A simple pendulum is made from a 2 kg. block of wood suspended from a light cord of length 1 m. When the pendulum is hanging in such a way that it is stationary and vertical, a bullet is shot horizontally into the block of wood where it sticks. The bullet has a mass of 1.00 x 10^2 kg. and has a speed of 500 m/s just before its head-on collision with the block. What is the pendulum's maximum vertical angle as it swings?

I assume a typo and bullet is 10 grams

initial momentum of bullet and mass before collision

= 500 * 10^-2 kg + 0 * 2 kg = 5 kg m/s

the momentum just after collision will be the same with a mass now of 2.010 kg
and speed v
so
2.010 v = 5

calculate v from that

now the pendulum starts with speed v at the bottom
it has kinetic energy of
(1/2)(2.01) v^2

it slows to a stop as it rises
the rise distance is
1 meter (1 - cos T)
where T is the angle you want
the potential energy increase is
m g h = 2.01 * 9.81 * (1-cos T)
so in the end

1-cos T = (1/2) v^2/ [9.81]

To find the pendulum's maximum vertical angle as it swings after the bullet collision, we need to consider the conservation of energy and the principles of rotational motion.

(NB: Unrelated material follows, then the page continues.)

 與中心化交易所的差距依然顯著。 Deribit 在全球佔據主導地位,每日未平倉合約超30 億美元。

1. Initial energy of the pendulum: The initial energy of the pendulum is purely gravitational potential energy. Since the pendulum is stationary and vertical, this is given by mgh, where m is the mass of the block (2 kg) and h is the height of the block (1 m). Therefore, the initial potential energy (U_initial) is U_initial = mgh.

2. Final energy of the pendulum: After the collision, the pendulum starts swinging. At the maximum vertical angle, all the initial potential energy will be converted into kinetic energy. The equation for kinetic energy is K = (1/2) Iω², where I is the moment of inertia and ω is the angular velocity.

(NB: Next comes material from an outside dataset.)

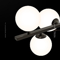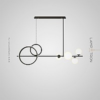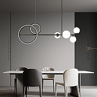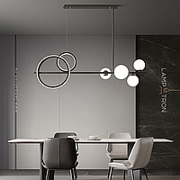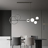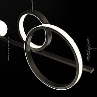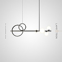 A series of slatted lamps in the form of a composition of matte spherical shades and rings with a contour LED glow

3. Conservation of energy: According to the law of conservation of energy, the initial potential energy (U_initial) will be equal to the final kinetic energy (K). Therefore, we have U_initial = K.

4. Moment of inertia (I): The moment of inertia for a simple pendulum is given by I = mL², where L is the length of the pendulum (1 m) and m is the mass of the block (2 kg). Therefore, I = mL².

5. Angular velocity (ω): The angular velocity is related to the maximum angle (θ) that the pendulum swings. It can be expressed as ω = √(2g/L) * sin(θ), where g is the acceleration due to gravity (approximated as 9.8 m/s²). Note that sin(θ) represents the vertical displacement of the pendulum.

6. Solving for the maximum angle (θ): Substituting the expressions in steps 1, 4, and 5 into the conservation of energy equation (U_initial = K), we get mgh = (1/2) Iω². Rearranging this equation and substituting the expressions for I and ω, we have mgh = (1/2) mL²[(√(2g/L) * sin(θ))²]. Canceling out common terms, we get h = (1/2) L * (sin(θ))². Rearranging this equation, we have sin(θ) = √(2h/L). Plugging in the values for h (1 m) and L (1 m), we can solve for sin(θ).

7. Calculating the maximum angle (θ): Taking the inverse sine (arcsin) of √(2h/L), we can calculate the maximum angle (θ). Thus, θ = arcsin(√(2h/L)).

Performing the calculations with the provided values, we find:

θ = arcsin(√(2(1 m) / 1 m)) ≈ 0.7854 radians ≈ 45 degrees

Therefore, the maximum vertical angle that the pendulum swings is approximately 45 degrees.